**Data shown:**
# # # #

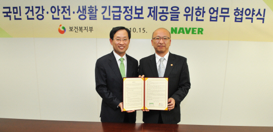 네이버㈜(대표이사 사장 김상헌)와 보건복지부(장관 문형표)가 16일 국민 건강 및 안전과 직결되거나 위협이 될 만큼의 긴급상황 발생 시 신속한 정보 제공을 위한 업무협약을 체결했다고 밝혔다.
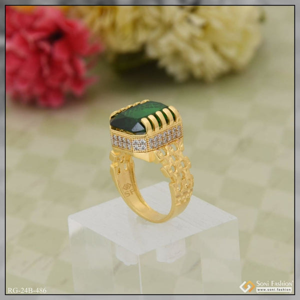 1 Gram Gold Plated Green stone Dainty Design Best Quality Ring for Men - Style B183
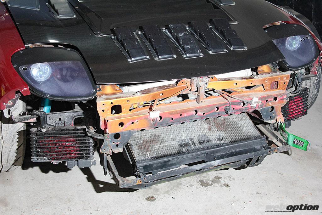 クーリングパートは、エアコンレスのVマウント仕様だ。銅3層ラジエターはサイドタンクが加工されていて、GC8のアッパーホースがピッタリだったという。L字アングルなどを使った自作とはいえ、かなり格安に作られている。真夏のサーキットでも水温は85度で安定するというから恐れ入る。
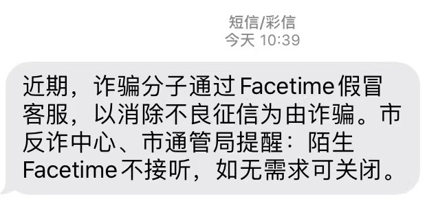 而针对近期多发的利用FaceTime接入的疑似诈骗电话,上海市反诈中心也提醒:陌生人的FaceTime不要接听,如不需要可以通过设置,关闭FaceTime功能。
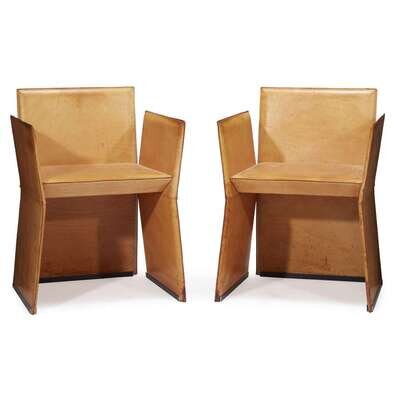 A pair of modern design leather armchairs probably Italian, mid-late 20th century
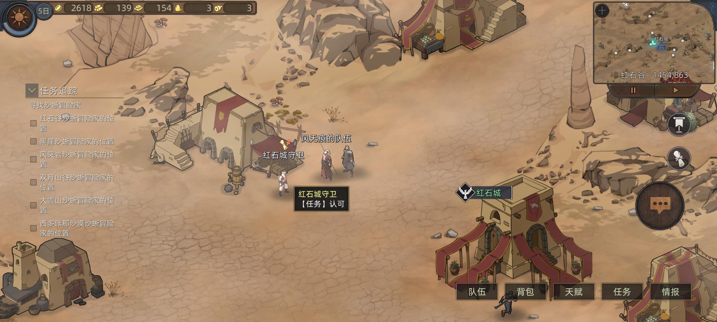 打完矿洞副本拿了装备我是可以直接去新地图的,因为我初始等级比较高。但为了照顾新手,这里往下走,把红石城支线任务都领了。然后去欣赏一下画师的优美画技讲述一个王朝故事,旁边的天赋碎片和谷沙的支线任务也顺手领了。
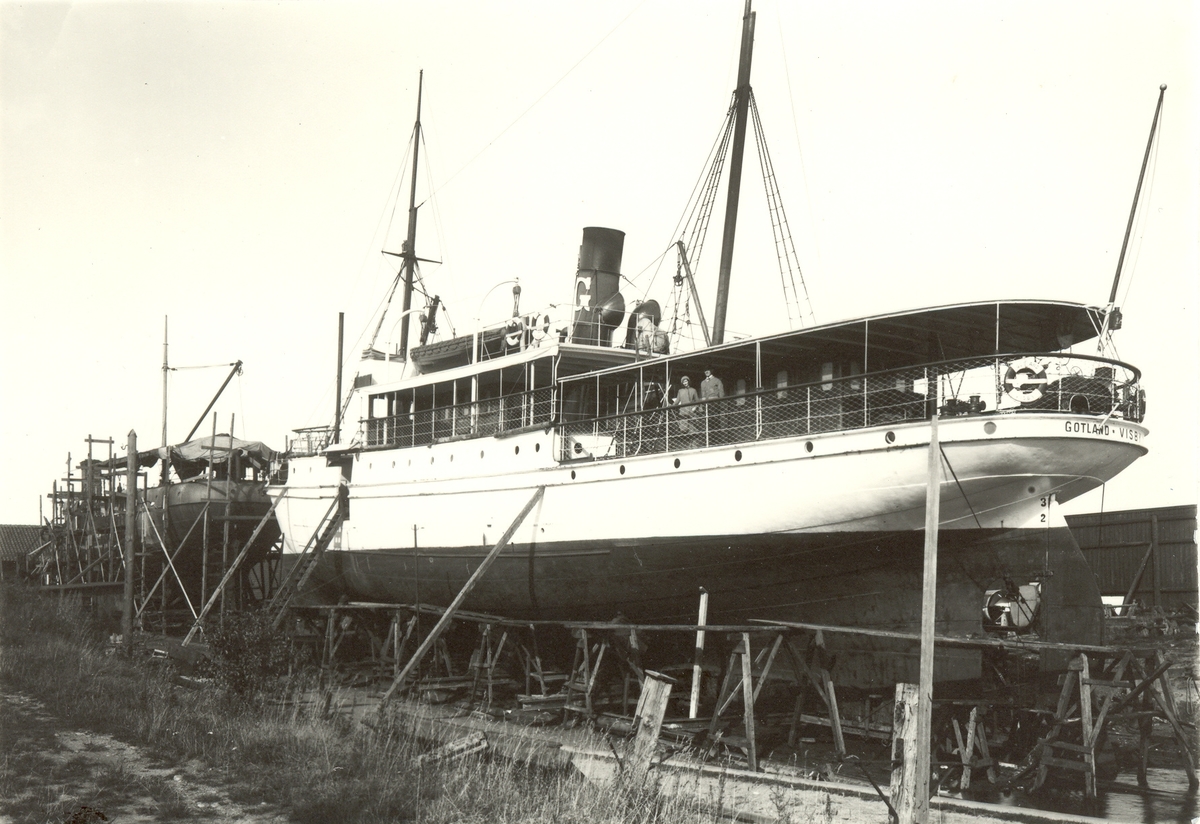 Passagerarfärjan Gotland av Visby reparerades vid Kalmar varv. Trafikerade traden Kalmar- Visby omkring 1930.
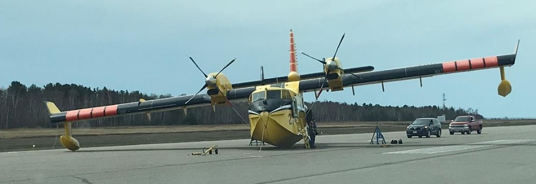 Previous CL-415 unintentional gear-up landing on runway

# # # #

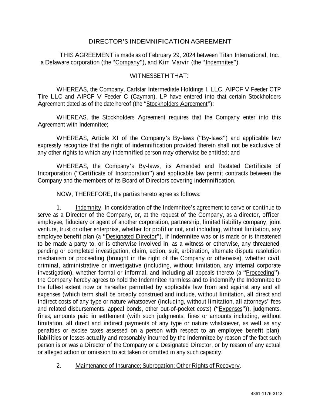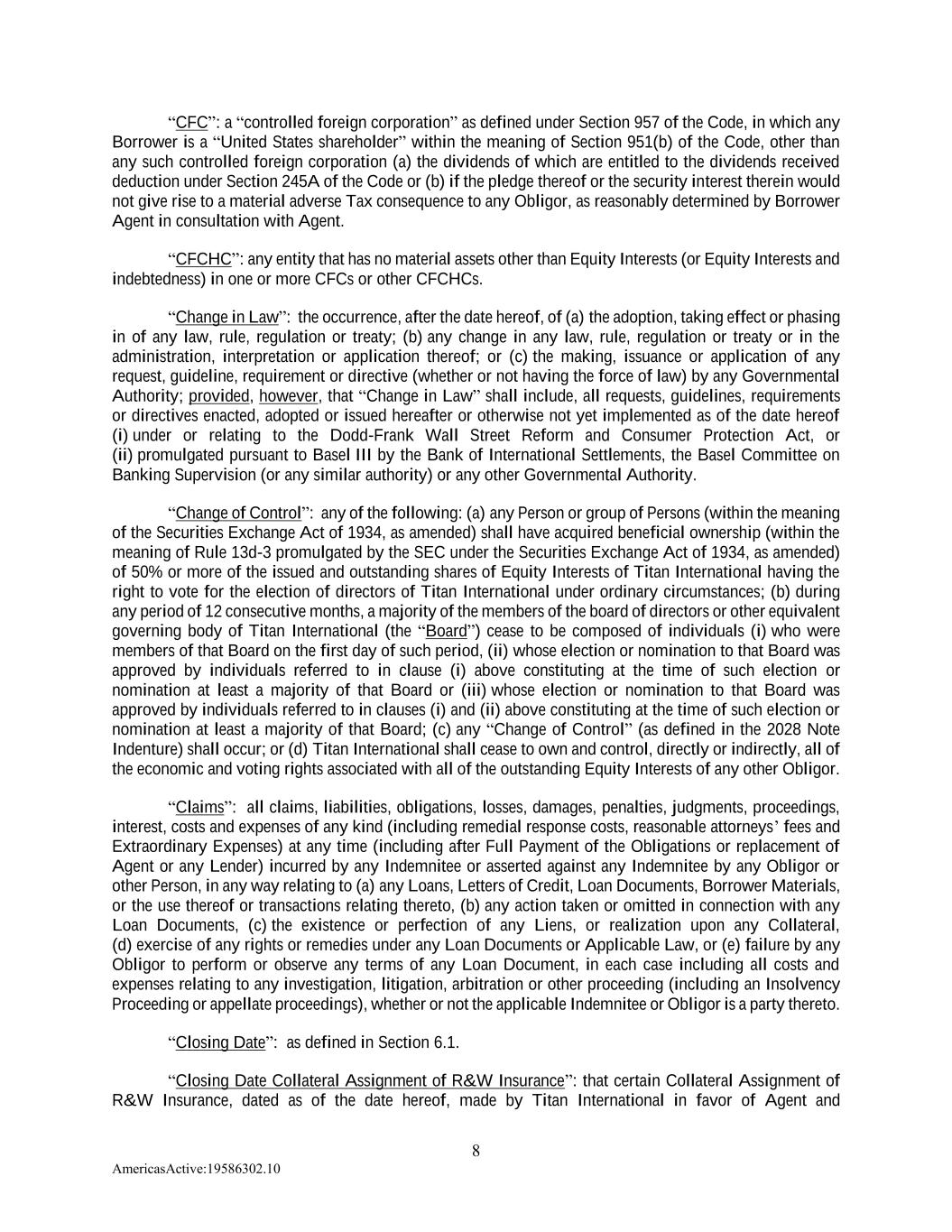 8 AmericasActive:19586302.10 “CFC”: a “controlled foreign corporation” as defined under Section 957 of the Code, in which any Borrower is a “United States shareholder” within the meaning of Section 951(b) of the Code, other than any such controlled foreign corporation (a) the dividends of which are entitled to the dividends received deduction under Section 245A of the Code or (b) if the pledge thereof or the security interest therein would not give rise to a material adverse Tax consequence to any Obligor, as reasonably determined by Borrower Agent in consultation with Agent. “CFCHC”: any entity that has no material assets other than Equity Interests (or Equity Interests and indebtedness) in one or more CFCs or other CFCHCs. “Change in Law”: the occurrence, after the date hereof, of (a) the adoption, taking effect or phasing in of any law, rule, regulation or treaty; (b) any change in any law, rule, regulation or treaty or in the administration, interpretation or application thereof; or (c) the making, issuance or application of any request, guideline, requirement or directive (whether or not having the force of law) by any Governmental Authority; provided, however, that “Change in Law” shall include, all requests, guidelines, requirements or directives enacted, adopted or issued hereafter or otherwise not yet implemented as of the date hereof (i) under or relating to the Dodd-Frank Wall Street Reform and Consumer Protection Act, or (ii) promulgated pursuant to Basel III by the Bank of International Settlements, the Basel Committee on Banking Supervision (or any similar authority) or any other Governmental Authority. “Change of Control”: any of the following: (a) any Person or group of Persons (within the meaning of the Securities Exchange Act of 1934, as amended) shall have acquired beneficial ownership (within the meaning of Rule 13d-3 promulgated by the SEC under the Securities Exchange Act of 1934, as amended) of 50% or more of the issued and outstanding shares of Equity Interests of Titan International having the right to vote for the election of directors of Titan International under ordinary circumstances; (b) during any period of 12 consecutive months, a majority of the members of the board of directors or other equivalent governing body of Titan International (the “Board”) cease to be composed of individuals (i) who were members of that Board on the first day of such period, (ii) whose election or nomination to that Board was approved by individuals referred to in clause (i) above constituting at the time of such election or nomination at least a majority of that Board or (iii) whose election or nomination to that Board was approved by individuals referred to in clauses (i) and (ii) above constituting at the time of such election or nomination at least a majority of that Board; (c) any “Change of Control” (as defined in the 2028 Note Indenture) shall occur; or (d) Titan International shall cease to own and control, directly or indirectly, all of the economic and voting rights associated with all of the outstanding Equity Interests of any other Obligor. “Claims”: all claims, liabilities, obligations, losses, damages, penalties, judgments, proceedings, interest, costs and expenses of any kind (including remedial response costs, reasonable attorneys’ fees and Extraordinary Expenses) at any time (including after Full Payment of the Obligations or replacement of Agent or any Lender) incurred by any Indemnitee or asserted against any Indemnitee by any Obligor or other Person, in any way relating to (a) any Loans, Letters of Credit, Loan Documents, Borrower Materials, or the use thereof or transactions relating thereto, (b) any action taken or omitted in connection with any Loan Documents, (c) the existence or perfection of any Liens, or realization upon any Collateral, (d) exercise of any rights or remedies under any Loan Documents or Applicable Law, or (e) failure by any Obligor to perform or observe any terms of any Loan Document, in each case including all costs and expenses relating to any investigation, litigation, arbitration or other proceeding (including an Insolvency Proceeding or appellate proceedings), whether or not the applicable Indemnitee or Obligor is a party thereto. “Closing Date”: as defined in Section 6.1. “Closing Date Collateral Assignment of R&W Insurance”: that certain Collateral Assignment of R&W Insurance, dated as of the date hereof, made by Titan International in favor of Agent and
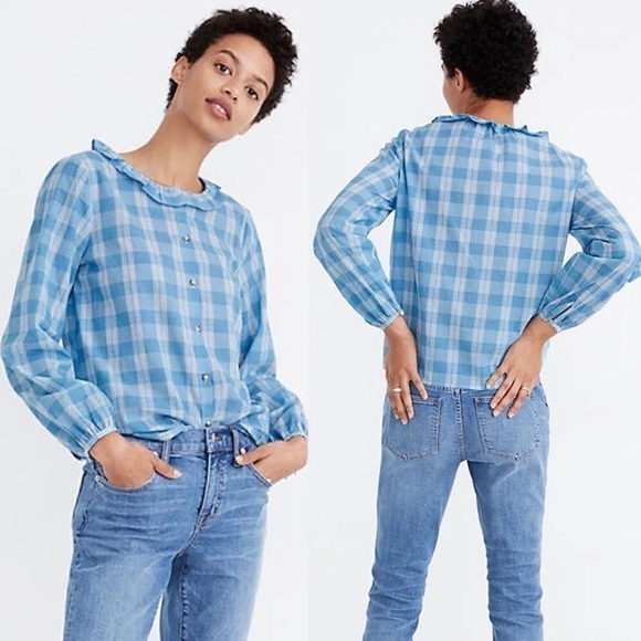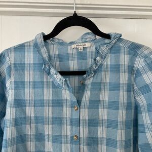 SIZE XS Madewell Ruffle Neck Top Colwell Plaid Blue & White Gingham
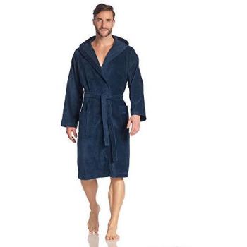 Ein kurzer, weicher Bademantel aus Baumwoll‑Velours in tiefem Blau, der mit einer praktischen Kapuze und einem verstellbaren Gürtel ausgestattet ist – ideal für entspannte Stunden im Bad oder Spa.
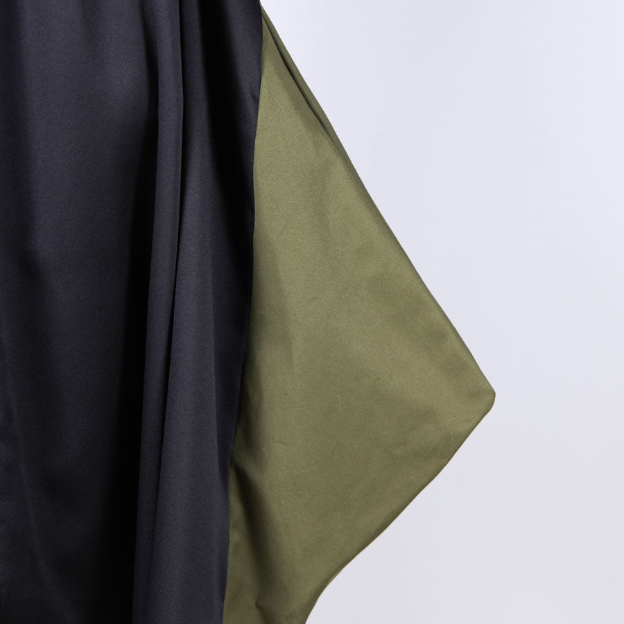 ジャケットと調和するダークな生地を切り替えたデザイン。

# # # #

**What needs to be done:** The material above holds pictures; leave them out. Repeat exactly the lines from the one containing "네이버㈜(대표이사 사장 김상헌)와" through the one containing "Previous CL-415 unintentional", and nothing else.

**Task result:**
 네이버㈜(대표이사 사장 김상헌)와 보건복지부(장관 문형표)가 16일 국민 건강 및 안전과 직결되거나 위협이 될 만큼의 긴급상황 발생 시 신속한 정보 제공을 위한 업무협약을 체결했다고 밝혔다.
 1 Gram Gold Plated Green stone Dainty Design Best Quality Ring for Men - Style B183
 クーリングパートは、エアコンレスのVマウント仕様だ。銅3層ラジエターはサイドタンクが加工されていて、GC8のアッパーホースがピッタリだったという。L字アングルなどを使った自作とはいえ、かなり格安に作られている。真夏のサーキットでも水温は85度で安定するというから恐れ入る。
 而针对近期多发的利用FaceTime接入的疑似诈骗电话,上海市反诈中心也提醒:陌生人的FaceTime不要接听,如不需要可以通过设置,关闭FaceTime功能。
 A pair of modern design leather armchairs probably Italian, mid-late 20th century
 打完矿洞副本拿了装备我是可以直接去新地图的,因为我初始等级比较高。但为了照顾新手,这里往下走,把红石城支线任务都领了。然后去欣赏一下画师的优美画技讲述一个王朝故事,旁边的天赋碎片和谷沙的支线任务也顺手领了。
 Passagerarfärjan Gotland av Visby reparerades vid Kalmar varv. Trafikerade traden Kalmar- Visby omkring 1930.
 Previous CL-415 unintentional gear-up landing on runway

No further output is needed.